TEMPO.CO, Jakarta - Pemerintah Presiden Joko Widodo sedang gencar melakukan deregulasi dan debirokratisasi melalui paket-paket kebijakan ekonomi. Sayangnya, langkah yang dilakukan untuk menggiatkan investasi ini belum diikuti di daerah-daerah.
Komite Pemantauan Pelaksanaan Otonomi Daerah (KPPOD) mendapati kenyataan bahwa memulai kegiatan ekonomi di era desentralisasi ini bukan hal yang mudah. "Ada banyak jenis perizinan yang harus diurus saat akan memulai usaha di daerah yang fungsinya hampir sama, yakni registrasi," kata Direktur Eksekutif KPPOD Robert Endi Jaweng di Cikini, Jakarta, Ahad, 28 Februari 2016.
Robert menyatakan, dalam tiap upaya untuk memulai bisnis, pengusaha harus melalui rata-rata 13 prosedur dalam 47,8 hari. Di tingkat ASEAN, peringkat Indonesia kalah oleh Thailand dengan 26 hari dan Malaysia 18 hari. Sedangkan di Singapura, waktu yang diperlukan untuk mengurus segala izin pendirian usaha tak lebih dari sepekan.
Dengan begitu, menurut Robert, tak heran bila kemudahan berusaha di Indonesia masih berada di peringkat ke-109 dari 189 negara. "Jadi, bila Pak Jokowi menargetkan indeks kemudahan berusaha kita di peringkat ke-40 pada 2017, banyak yang harus dibenahi," ucapnya.

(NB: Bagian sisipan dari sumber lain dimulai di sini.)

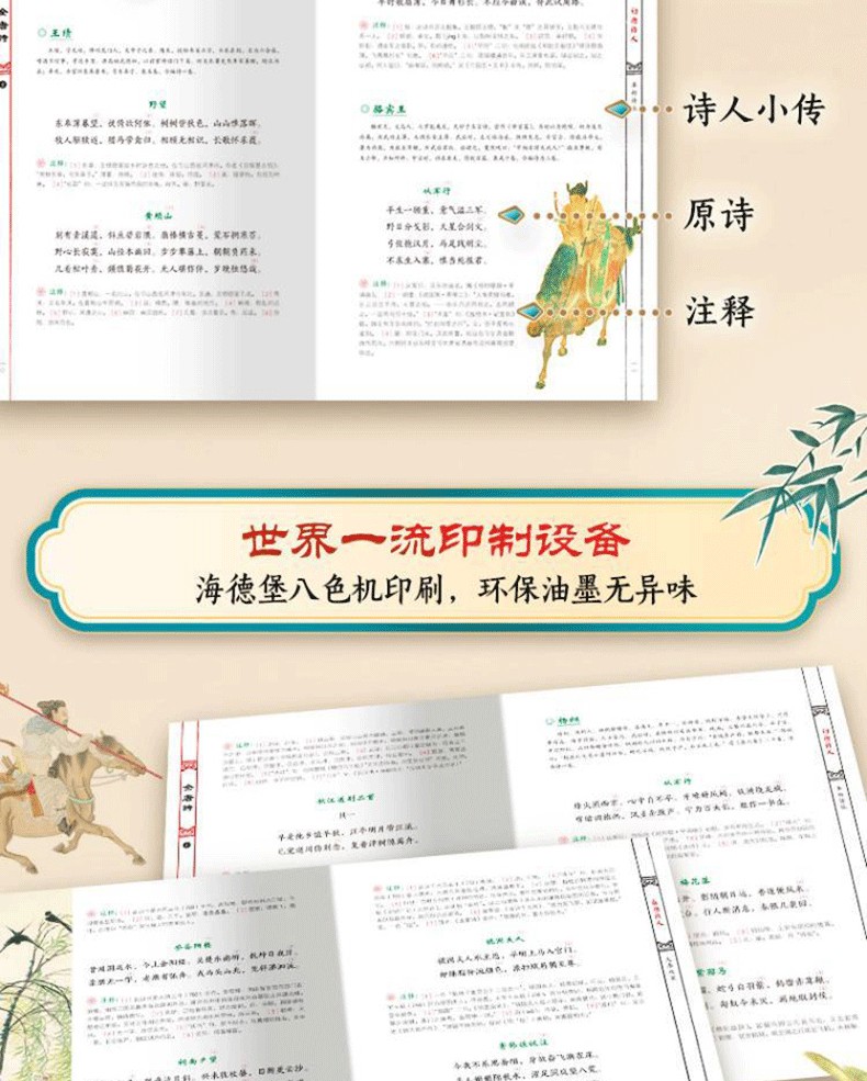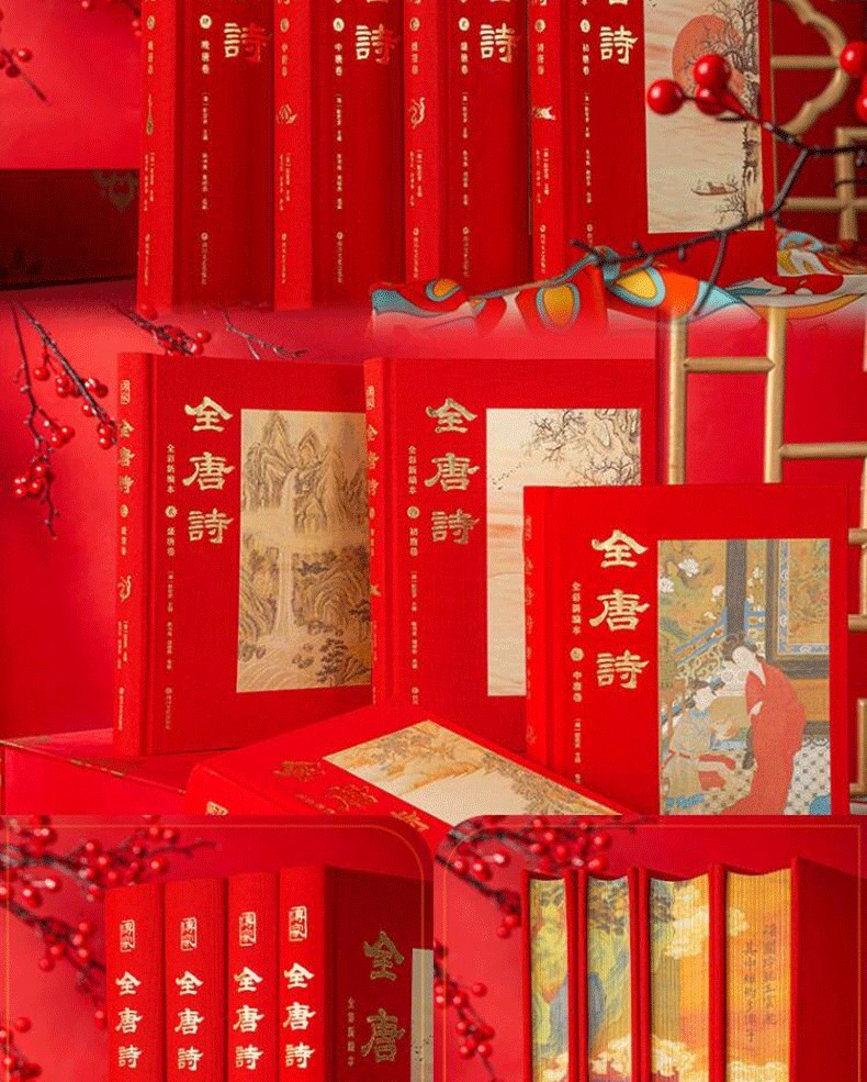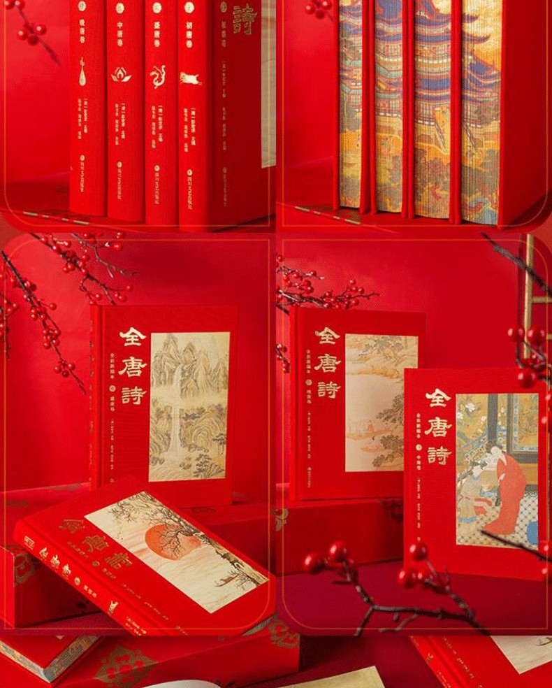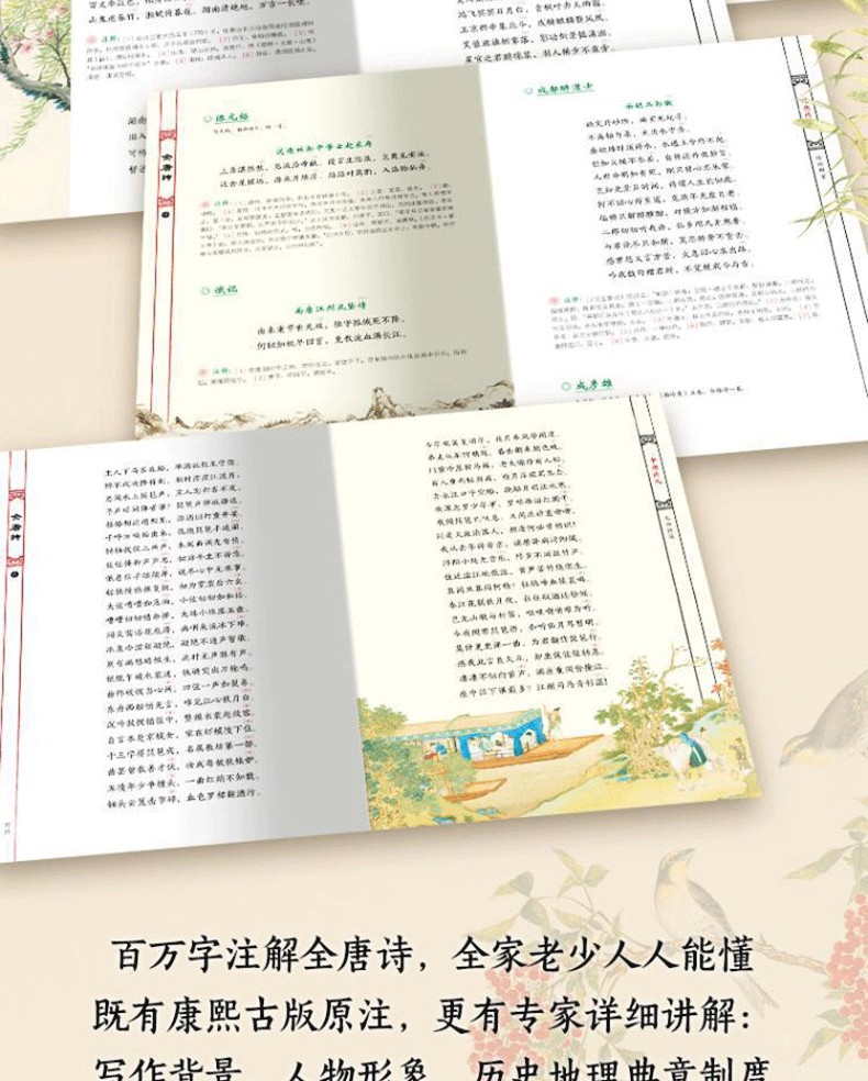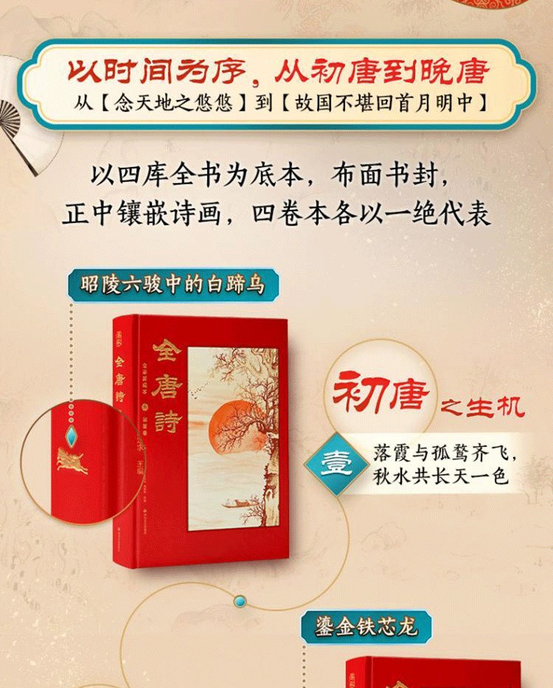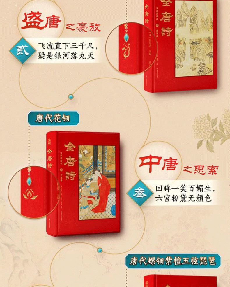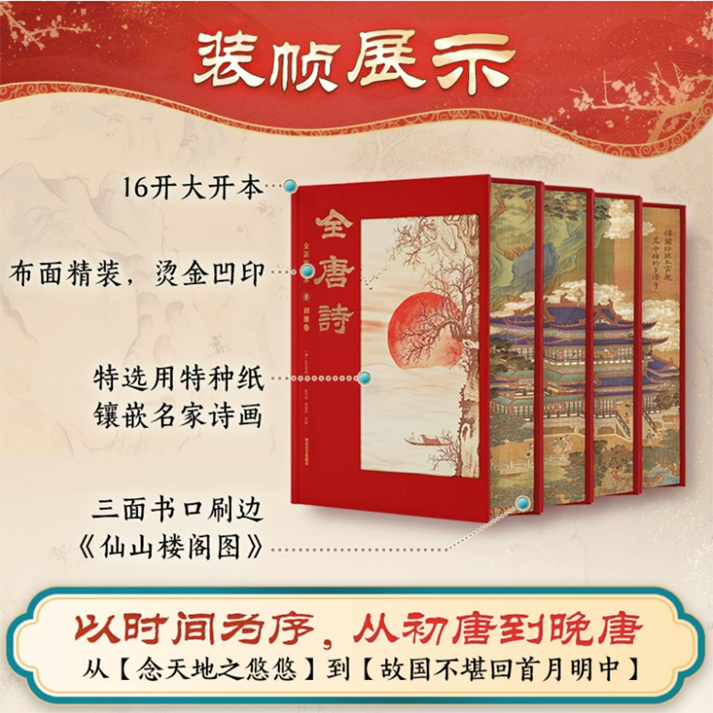 《全唐詩》全彩版,共四冊,初唐、盛唐、中唐、晚唐各一本。以道揚州詩局本及四庫全書本《禦定全唐詩》為底本,囊括了全部詩人2429人,原則上保證所有詩人收錄。並依詩歌流派分為:山水田園詩派、邊塞詩派、宮廷詩派、改革派等,收錄詩人代表作,剔除誤收的、殘斷的詩作,最終精選2873首詩歌,輔以詩人小傳、註釋及全彩插圖。詩人以其所在時代為準,按首字母排序,方便讀者查詢。

Di antara hal yang bisa dilakukan di daerah, ucap Robert, adalah menggabungkan surat izin usaha perdagangan (SIUP) dengan tanda daftar perusahaan (TDP). Selain itu, surat keterangan domisili usaha (SKDU) dapat dihapuskan. "Semua dokumen ini fungsi pokoknya sama, yakni registrasi, bisa dijadikan satu," tuturnya.
Selain itu, izin gangguan di daerah dinilai kurang relevan diterapkan, karena sudah ada analisis mengenai dampak lingkungan (amdal). Meski ada implikasinya terhadap Peraturan Menteri Dalam Negeri Nomor 27 Tahun 2009 tentang Pedoman Penetapan Izin Gangguan di Daerah, Pemerintah Provinsi DKI Jakarta tidak mempersyaratkannya. Sebagai perbandingan, di Surabaya, rata-rata waktu yang diperlukan untuk mengurus izin gangguan mencapai 14 hari.

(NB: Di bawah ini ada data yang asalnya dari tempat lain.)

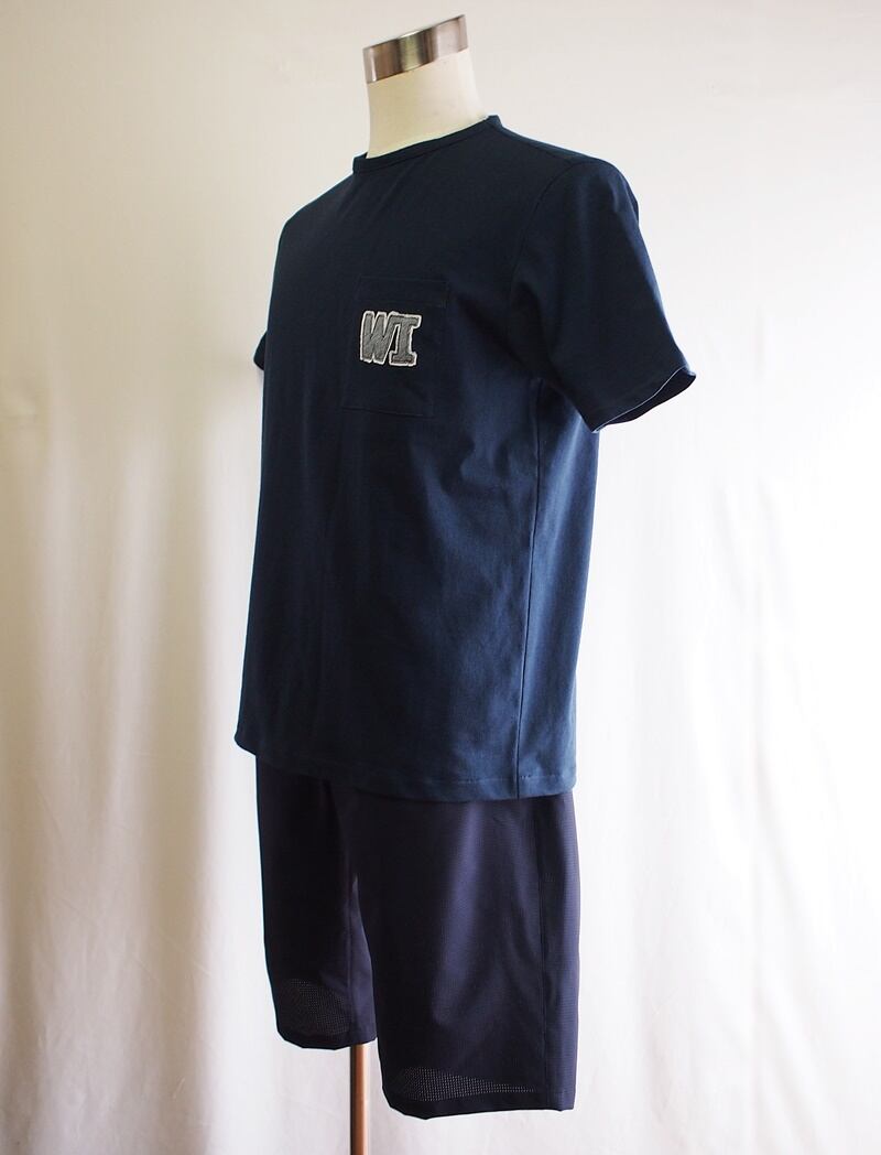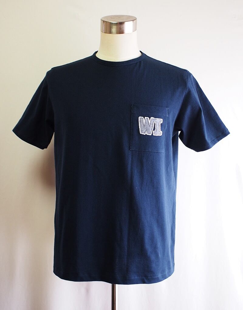 シンプルでベーシックなクルーネック、WIロゴアップリケのポケットT
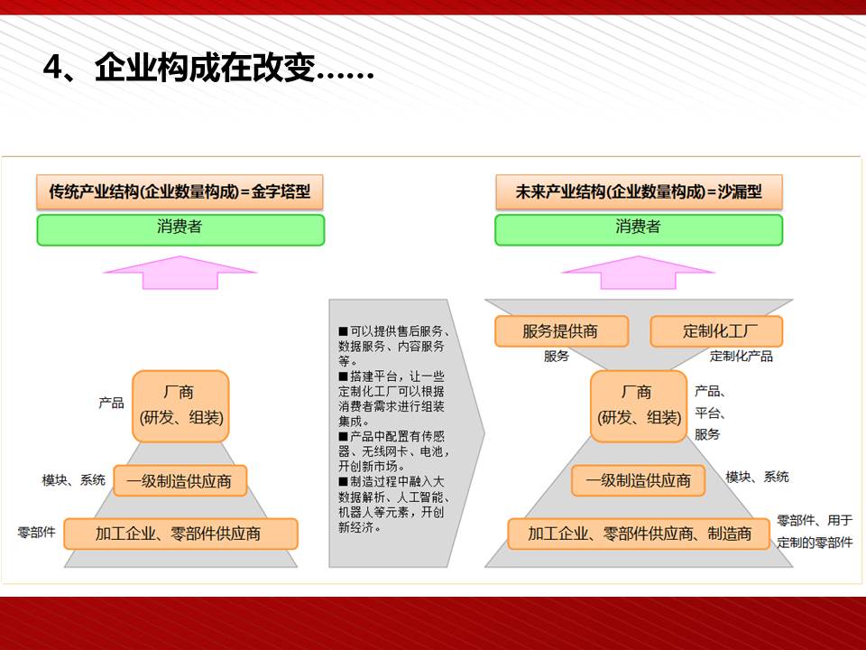 企业构成的改变,产业结构或者企业的规模、数量,未来在新工业革命到来时会发生改变,以前是金字塔形,未来因为制造业模式都是合作生产,合作消费,现在就要变成一个沙漏形的产业结构,未来可能会诞生新的行业、企业,厂商的上边又出现了更多的服务提供商,提供更多的生产性服务或者是服务性制造业。还有一些在厂商之上会生成很多的定制化的工厂,定制化的服务,这样一来大的企业可能主要精力放在研发、组装、打品牌,让新的企业进入,这些新行业、新企业的出现注入了新经济的发展。
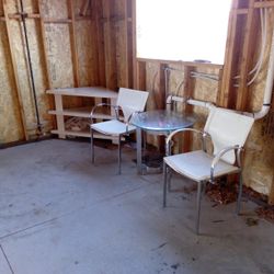 Corner Shelf Table 2 White And Chrome Chairs Leather And Glass Round Table$50Banning, CA
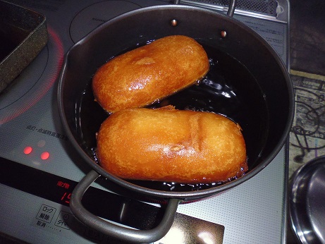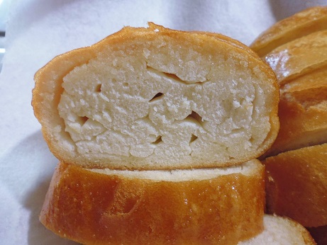 台湾のパン その他料理 2017年03月20日 台湾からいただいたパン。 冷凍してあったのを解凍。 たまにいただくので冷凍しておいて大事に食べる。 油で揚げるイメージで焼き上げる。 油を多めにフライパンに入れて焼く。 焦げ目を確認しながらひっくり返しながら焼いていく。 焼き上がり。 大きいので食べやすい大きさに切る。 このパンは日本のパンとは少し変わってる。 周りカリカリだが、中はしっとりフワフワ。 しかも中はひも状の生地が詰まって出来てる感じ。 味は何もつけなくても甘みがあって美味い。 日本のパンにはない独特の味わい。 どこかで見かけることがあったら是非食べて欲しい。 ただ、私は店頭などでは見た事がない。 その他の料理、外食 [0回]PR
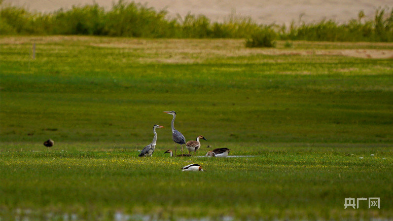 大雁、苍鹭在湿地里悠闲地栖息、觅食(央广网发 白敖敏 摄)
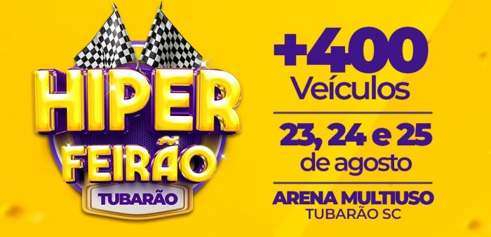 O site Hipermotors anunciou o lançamento de seu Feirão de Veículos, que ocorrerá nos dias 23, 24 e 25 de agosto na Arena Multiuso em Tubarão. O evento contará com mais de 400 opções de veículos novos e seminovos, incluindo carros, motos e motos elétricas.

Robert juga menyatakan izin mendirikan bangunan (IMB) perlu disederhanakan. Di antaranya dengan menghapus prosedur memperoleh ketetapan rencana kota (KRK) dan rencana tata letak bangunan (RTLB) dalam pengurusannya. Tak hanya itu, syarat persetujuan tetangga untuk memperoleh IMB juga dinilai sangat menyulitkan. "Di Kediri, ada pabrik yang selama sepuluh tahun gagal didirikan karena tak mendapat izin tetangga. Dalam kasus seperti ini, pemerintah seharusnya memfasilitasi," katanya.
Badan Koordinasi Penanaman Modal (BKPM) sebenarnya telah mendorong sinergi antara pemerintah pusat dan daerah guna mempercepat layanan perizinan kepada investor. Percepatan dan kemudahan investasi di daerah dilakukan dengan konsep perizinan terpadu satu pintu (PTSP)
Kepala BKPM Franky Sibarani menuturkan saat ini sudah terbentuk 511 PTSP daerah dari 561 wilayah di Indonesia. Dari jumlah tersebut, 341 PTSP telah mengimplementasikan sistem layanan perizinan online BKPM. "Artinya, 91 persen dari daerah telah membentuk PTSP di wilayahnya. Kami berharap keberadaan mereka dapat dimaksimalkan untuk mendorong percepatan layanan perizinan kepada investor daerah," ujarnya.